Gedung Tidak Representatif, Karutan Harapkan Pemko Berikan Lahan untuk Relokasi
Oleh : Habibie Khasim
Rabu | 26-04-2017 | 17:14 WIB
Ka-Rutan-TPI-400x192.gif

Kepala Rutan Kelas I Tanjungpinang, Ronni Widiyatmoko (Foto: Habibie Khasim)

BATAMTODAY.COM, Tanjungpinang - Kondisi Rumah Rahanan (Rutan) kelas I Kota Tanjungpinang saat ini memang sangat memprihatinkan. Pasalnya, di dalam bangunan yang masuk dalam cagar budaya tersebut, 337 orang narapidana harus berhimpitan tidur diruangan yang berjumlah hanya 12 unit.

Oleh karena itu, Kepala Rutan Kelas I Tanjungpinang, Ronni Widiyatmoko mengatakan, pihaknya tengah melobi permintaan lahan kepada Pemerintah Kota Tanjungpinang untuk membangun Rutan yang baru. Dia berharap, pemerintah dapat mengerti dengan kondisi Rutan yang memang tidak representatif dan tentunya dapat menyediakan lahan.

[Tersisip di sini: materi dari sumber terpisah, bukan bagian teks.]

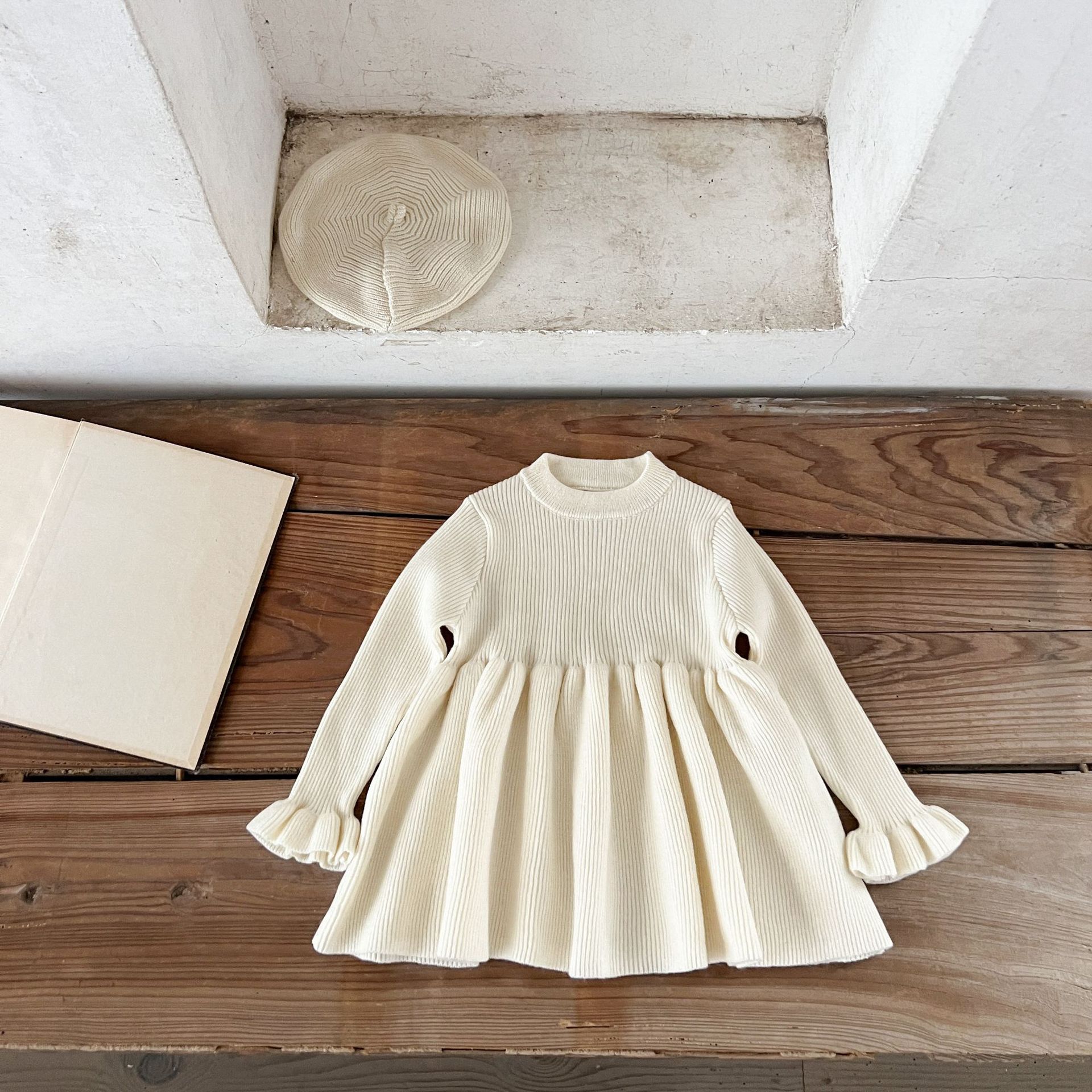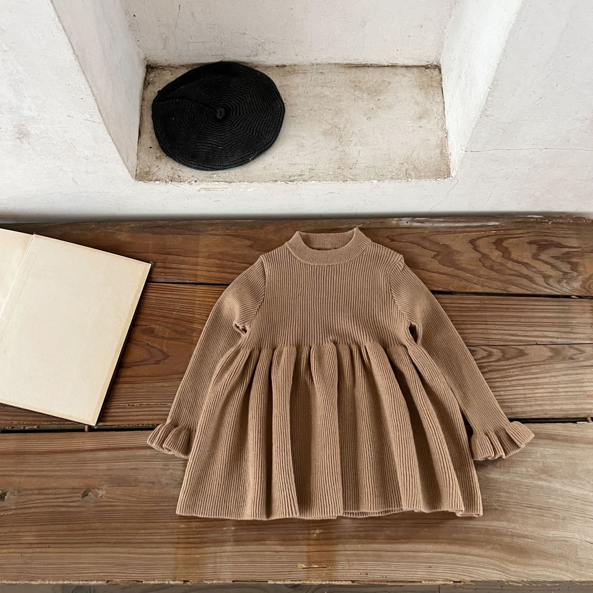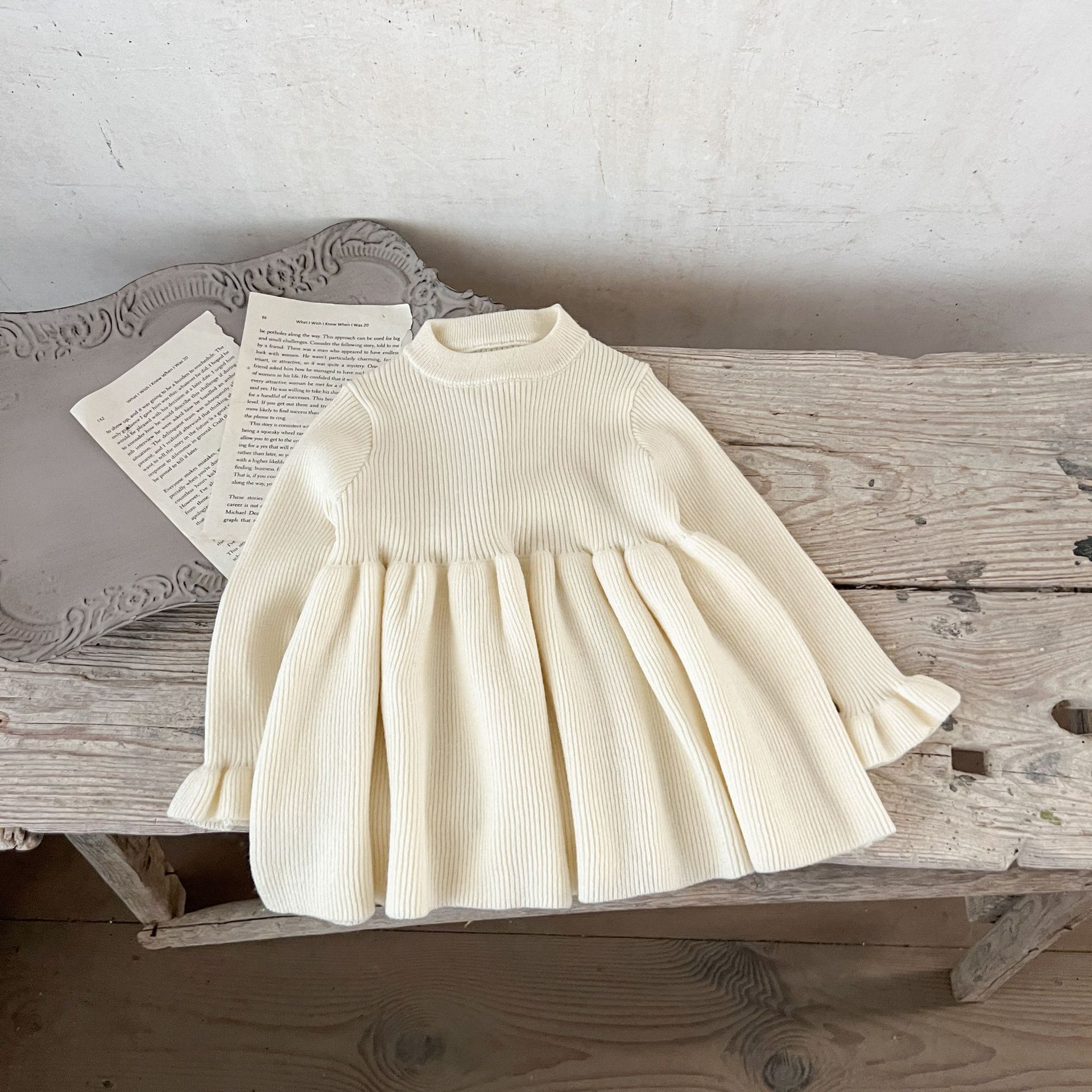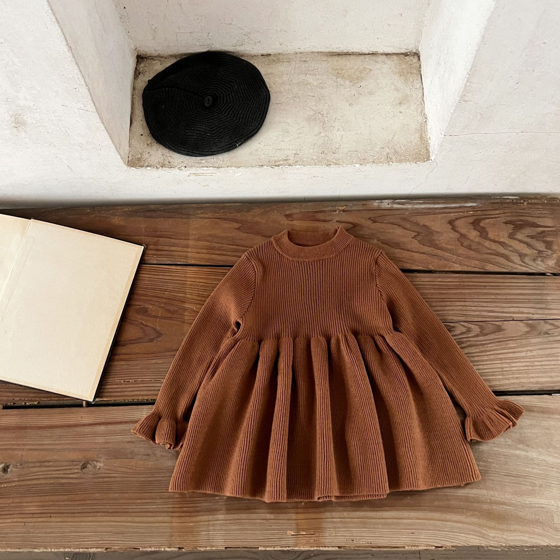 Ins vestido de lana con puños de algodón para niñas coreanas para bebés y niños pequeños vestido de suéter de primavera y otoño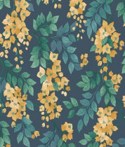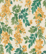 Colore: Carta da parati floreale in Calendula, Verde Foglia e Smeraldo su Pergamena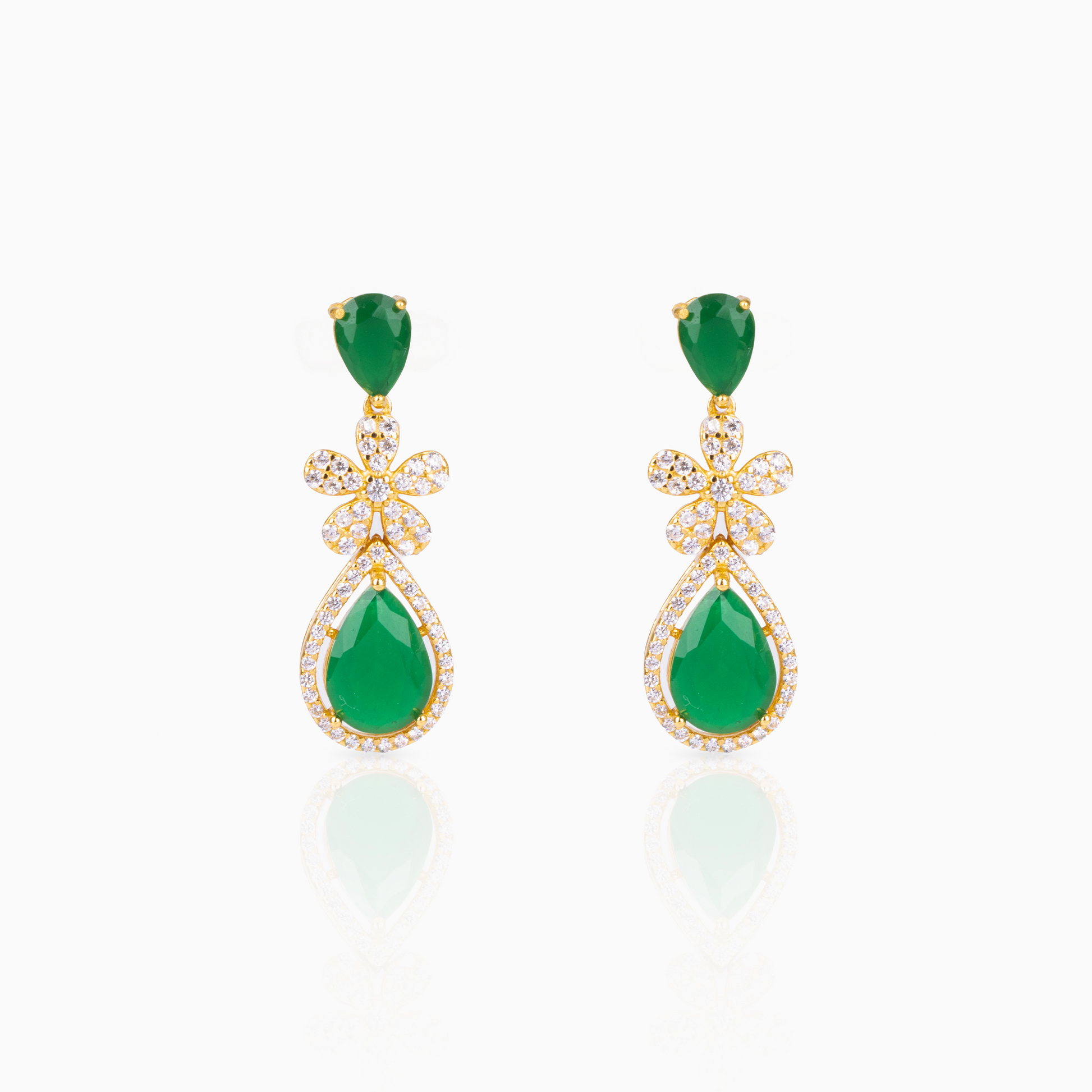 These earrings feature a tiered silhouette that mirrors the collection’s floral motif. Each piece begins with a delicate emerald teardrop stud that supports a shimmering crystalline flower. The design culminates in a matching high-lustre emerald-green drop, encased in a brilliant-cut crystal halo, adding depth, brilliance, and refined movement.
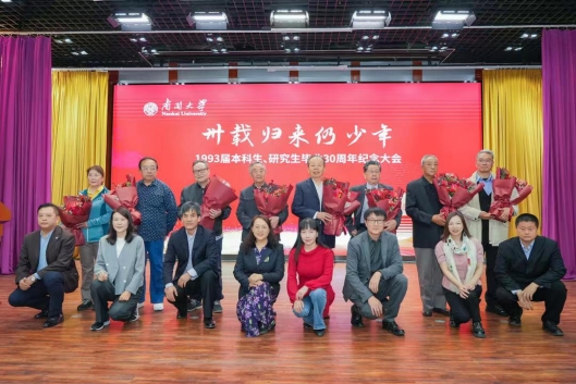 英国365集团网站英国365集团网站93届员工代表重返南开校园,参加纪念典礼大会。英国365集团网站英国365集团网站退休教师王健教授受邀参加会议并上台接受员工献花。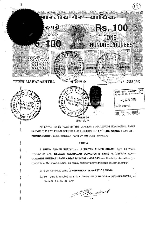 | மகாராட்டிரம் | தெற்கு மும்பை மக்களவைத் தொகுதி | Monday, 29 April 2019 | Irfan Shaikh(Affadavit) | Arvind Ganpat Sawant |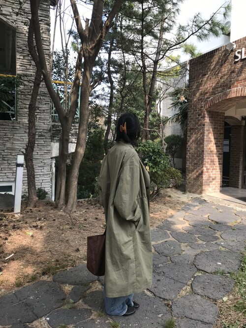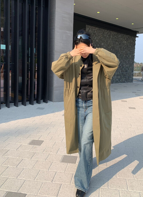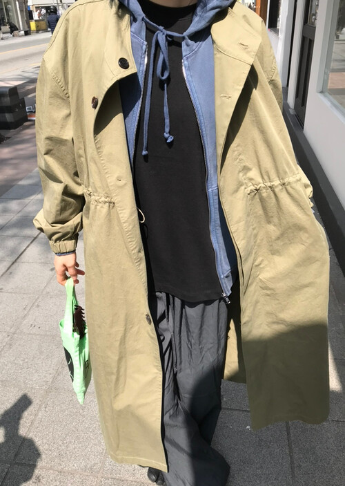 얇은 코튼 소재의 트렌치코트입니다.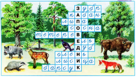 5. Выполняем задние мамы Серёжи и Нади. Недалеко от Москвы есть замечательное место – Приокско – Террасный заповедник. Разгадав кроссворд, узнаём, какие растения и животные там встречаются.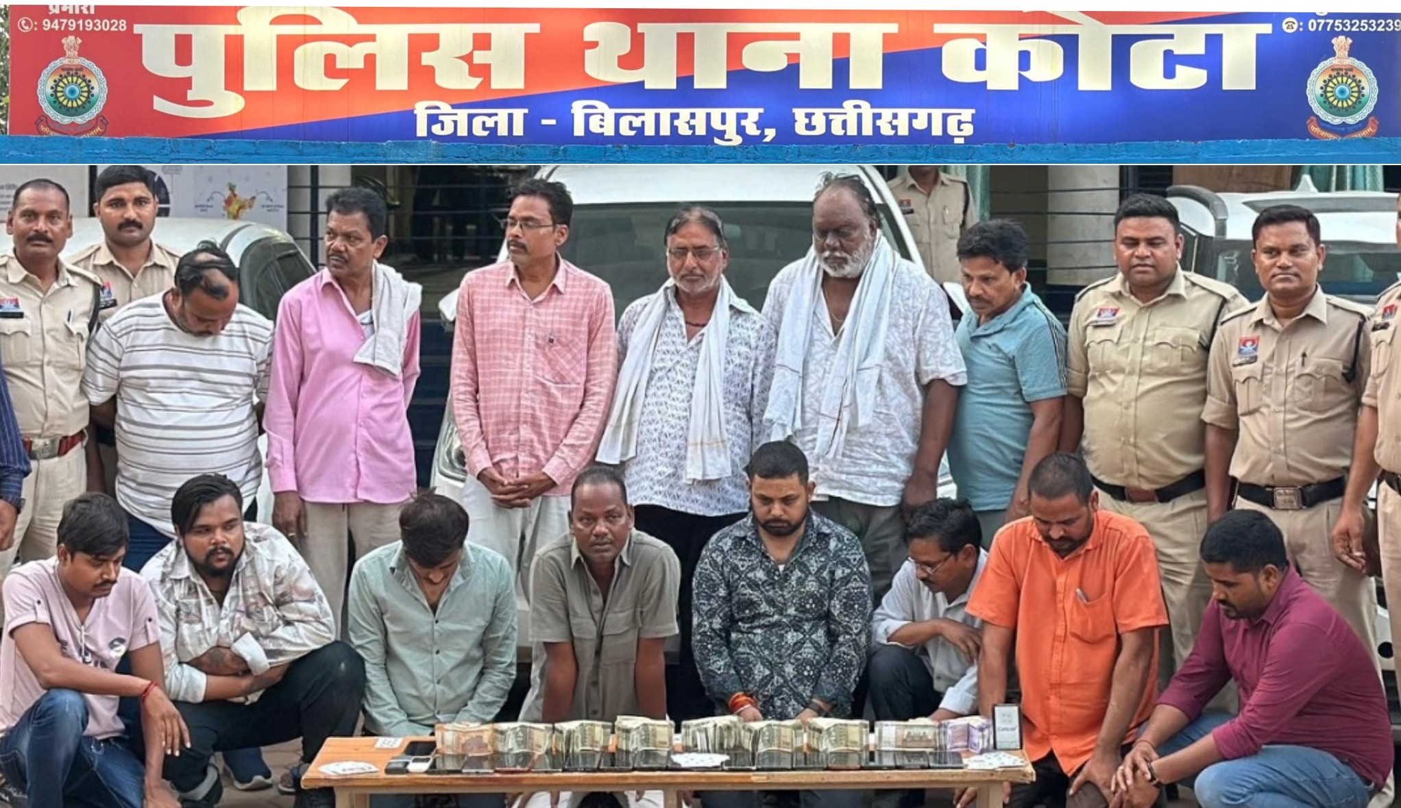शहर के होटल से लेकर आसपास के फार्म हाउस शानदार जुआ अड्डा बने हुए है। ऐसा कोई फॉर्महाउस नहीं है जहां जुआरियों की महफिल ना जमती है। रसूखदार जुआरी स्थान बदल बदलकर जुआ खेल रहे है। जुए की महफिल कभी इस फार्म हाउस में तो कभी उस फार्म हाउस में लग रग रही है। जुए की हर फड़ में शराब और कबाब की भरपूर व्यवस्था भी रखी जाती है। कोटा क्षेत्र के ऐसे ही एक फार्म हाउस में रविवार को थाना प्रभारी तोप सिंह नवरंग के नेतृत्व में पुलिस ने रेड कार्रवाई की। फार्म हाउस का मालिक और फड़ संचालक बंटी कश्यप है। जब पुलिस की रेड पड़ी तो कुछ जुआरी तो भाग निकले लेकिन 14 धारा गए। जिनको पुलिस ने पकड़ा है उनमें मिश्रीलाल कश्यप, हरिओम साहू, दीपक सोनी, ज्वाला सूर्यवंशी, प्रदीप पाण्डेय, राकेश कहार, शांतनु बघेल, राजेन्द्र कुम्हारे, मनोज कश्यप, यशोधर कश्यप, सागर कश्यप, महेन्द्र वर्मा, सिरीश कश्यप एवं राजकुमार तेजवानी शामिल है। पुलिस ने फड़ से और जुआरियों से 3 लाख 4200रू नगद जप्त किया है। इसके अलावा 17 नग मोबाईल भी बरामद किया गया है। पुलिस ने मौके 5 चारपहिया गाड़ी भी जप्त किया है। जिसमें इनोवा क्र. CG10 AE 8187, टिआगो कार क्र. CG 10 AM 1573, बलैनो कार क्र. CG 10 AZ 5491, किया सेल्टॉस कार क्र. CG 10 BK 3849 एवं विटारा ब्रेजा कार क्र. CG 10 BE 7804 शामिल है। आरोपियों के विरूद्ध छ.ग. जुआ प्रतिषेध अधिनियम 2022 के तहत् कार्यवाही किया जा रहा है।

Menurut Ronni, sudah ada lampu hijau dari Pemko Tanjungpinang. Pemko Tanjungpinang kata Ronni,  menjanjikan lahan 4 hektar guna membangun Rutan baru. Terkait pembicara yang formal, Ronni mengaku belum dilakukan. Hanya saja, pihaknya telah berbicara dengan Pemerintah Kota Tanjungpinang dan disambut baik oleh Pemko.

"Pemerintah Kota menyetujui, namun belum berbicara secara formal memang, tetapi sudah ada lampu hijau, kalau kita akan dapat lahan untuk relokasi Rutan," tutur Ronni saat ditemui di kantornya, Jalan Permasyarakatan, Tanjungpinang, Rabu (26/4/2017).

Terkait lahan yang akan disediakan tersebut, Ronni mengatakan terletak di wilayah Senggarang. Jika memang itu dikabulkan, maka pada tahun 2018 Rutan akan melakukan pembangunan Rutan baru, tentunya lebih representatif.

"Kita harapkan dapat deal tahun ini, jadi bisa kita lakukan pembangunan tahun depan. Setelah selesai, kita langsung melakukan relokasi," tutur Ronni.

Saat ini penghuni Rutan ada sekitar 337 orang dengan jumlah kamar yang ada hanya 12. Menurut Ronni, idealnya jumlah kamar tersebut hanya cocok untuk 177 orang. Sementara, faktanya saat ini, dipaksa menampung 2 kali lipat dari ideal.

Menurut Ronni, hal ini juga disebabkan oleh bangunan yang masuk dalam cagar budaya. Sehingga proses pembangunan terhambat, lantaran tidak diperbolehkan merusak atau merubah bentuk aslinya.

"Makanya kalau dapat tanah ini, kita sangat senang, karena bisa membuat banyak kamar dan kita bisa menampung 500 orang," terang Ronni.